Another important area of contact lens research deals with patient compliance. Compliance is a major issue surrounding the use of contact lenses because patient noncompliance often leads to contamination of the lens, storage case, or both.[56][57][58] The introduction of multipurpose solutions and daily disposable lenses have helped to alleviate some of the problems observed from inadequate cleaning but new methods of combating microbial contamination are currently being developed.
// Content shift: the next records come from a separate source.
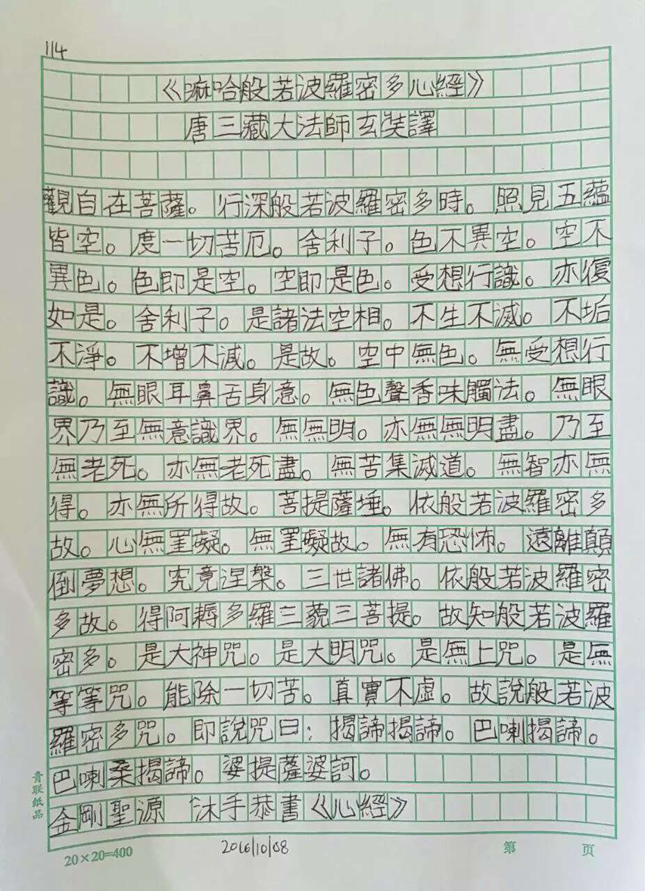 小 行 者 聖 源 , 除 了 鋼 琴 是 他 的 愛 好 之 外 , 每 天 清 晨 學 寫 《 心 經 》 一 篇 。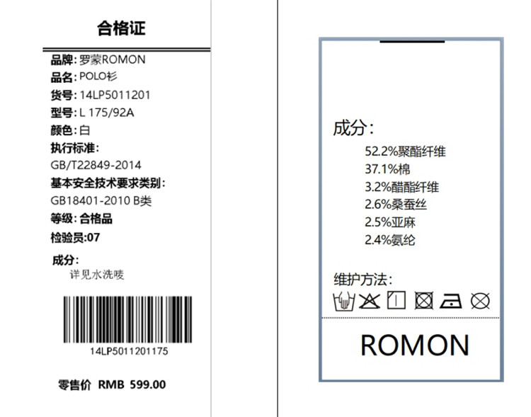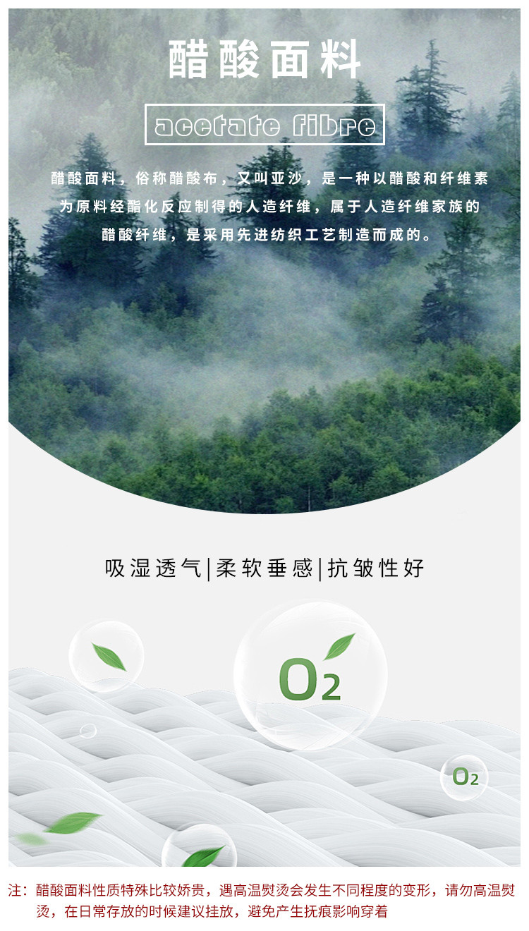 面料:52.2%聚酯纤维 37.1%棉 3.2%醋酯纤维 2.6%桑蚕丝 2.5%亚麻 2.4%氨纶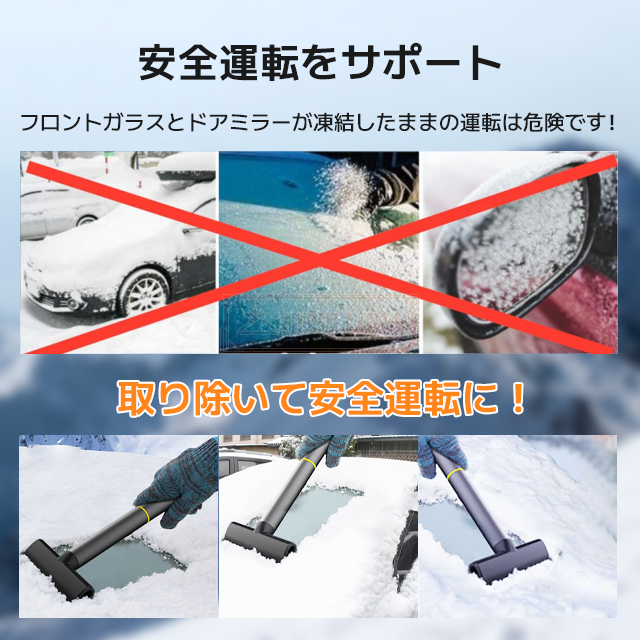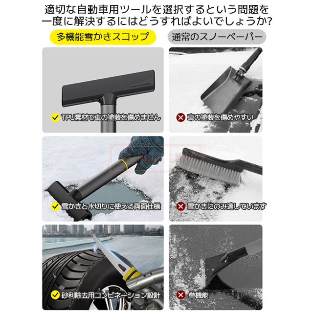 | 【幅広い用途】 | ◆この巧みに作られたシャベルで、車、セダン、SUV、RV、家の窓から簡単に除雪できる体験をしてください。冬の安全な帰宅に欠かせない味方 |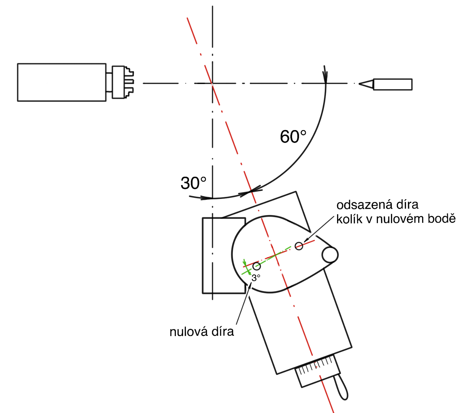 A 30° potřebuješ na to řezání závitů. Protože to je poloha vzhledem k nožovce, a nožovku máš vytočenou o 60°.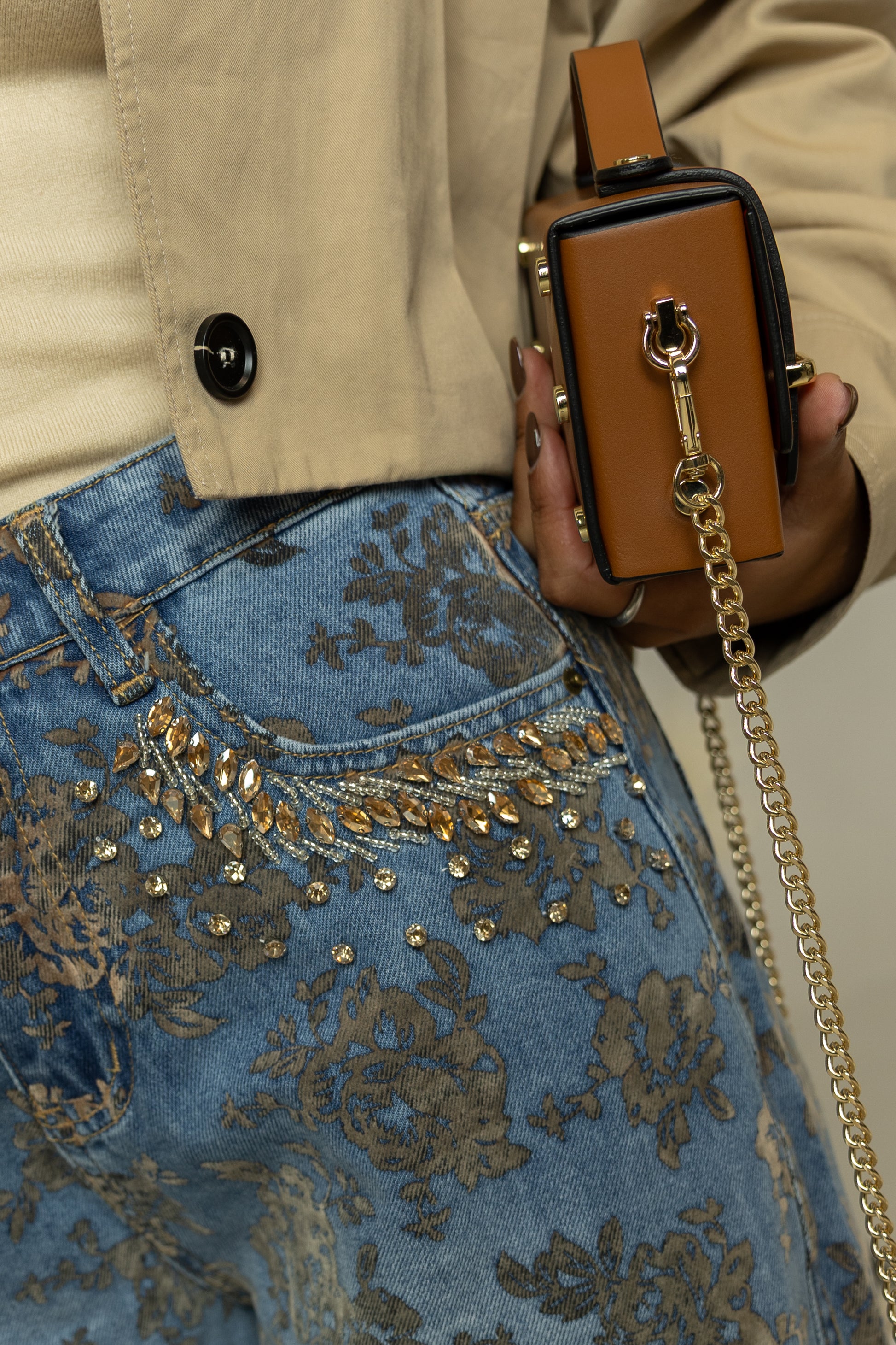 Quando o denim se encontra com a arte, nascem estas Denim Baroque Luxe. Uma peça absolutamente única e cheia de personalidade, com padrão floral em relevo e aplicações brilhantes na zona dos bolsos que elevam qualquer look a um nível de puro glamour.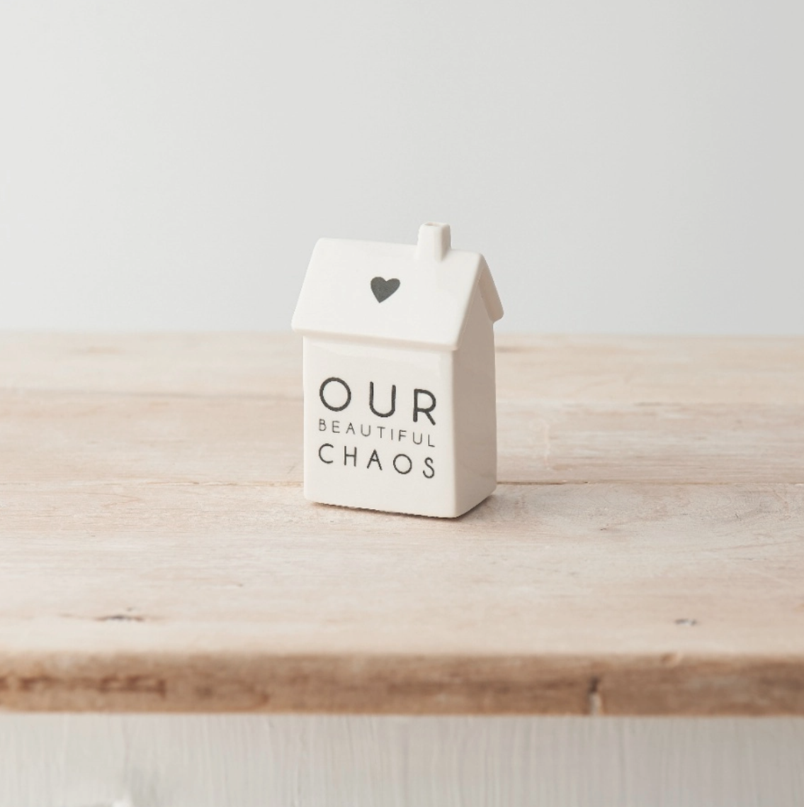 • Miniatura decorativa de casa branca em cerâmica com texto OUR BEAUTIFUL CHAOS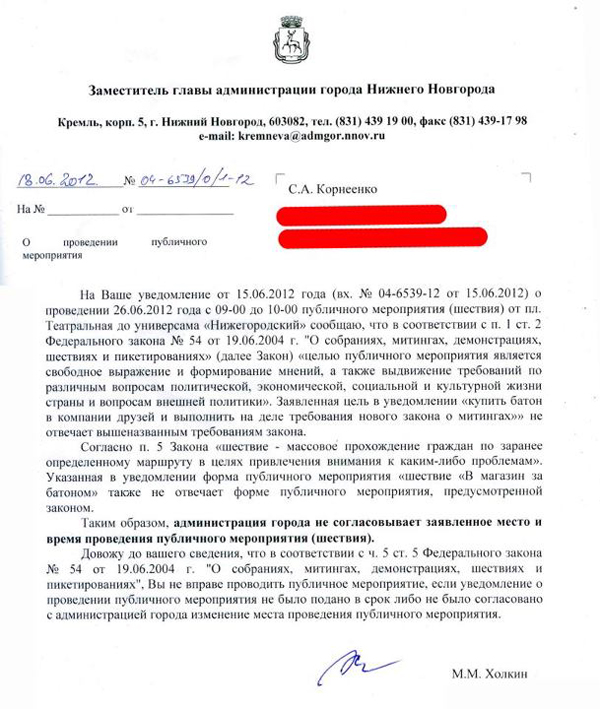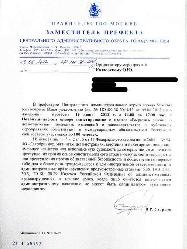 14 июня префектура ответила активистам отказом, указав в качестве причины именно их прошлые правонарушения по статьям 19.3 и 20.2 КоАП.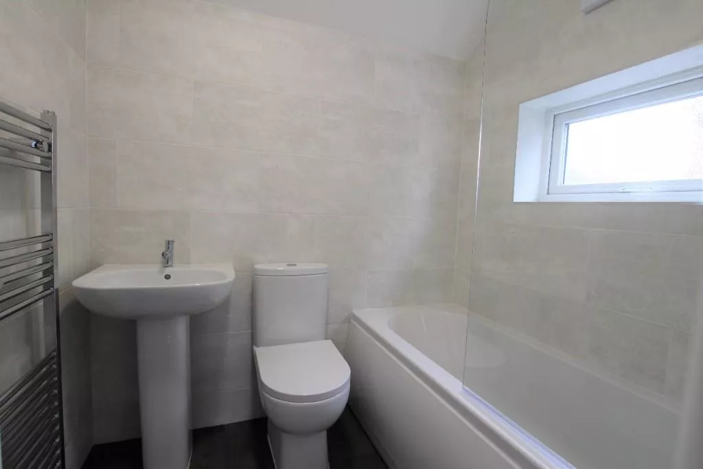 • FULLY TILED WHITE BATHROOM SUITE WITH OVER-BATH SHOWER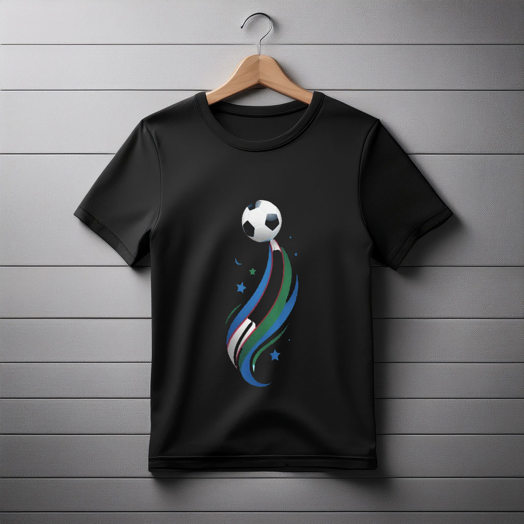 National Pride Design: Showcases Uzbekistan’s flag with a soccer theme

A silver-impregnated lens case has been developed which helps to eradicate any potentially contaminating microbes that come in contact with the lens case.[59] Additionally, a number of antimicrobial agents are being developed that have been embedded into contact lenses themselves. Contact lenses with covalently attached Selenium molecules have been shown to reduce bacterial colonization without adversely affecting the cornea of a rabbit eye[60] and octylglucoside used as a contact lens surfactant significantly decreases bacterial adhesion.[61] These compounds are of particular interest to contact lens manufacturers and prescribing optometrists because they do not require any patient compliance to effectively attenuate the effects of bacterial colonization.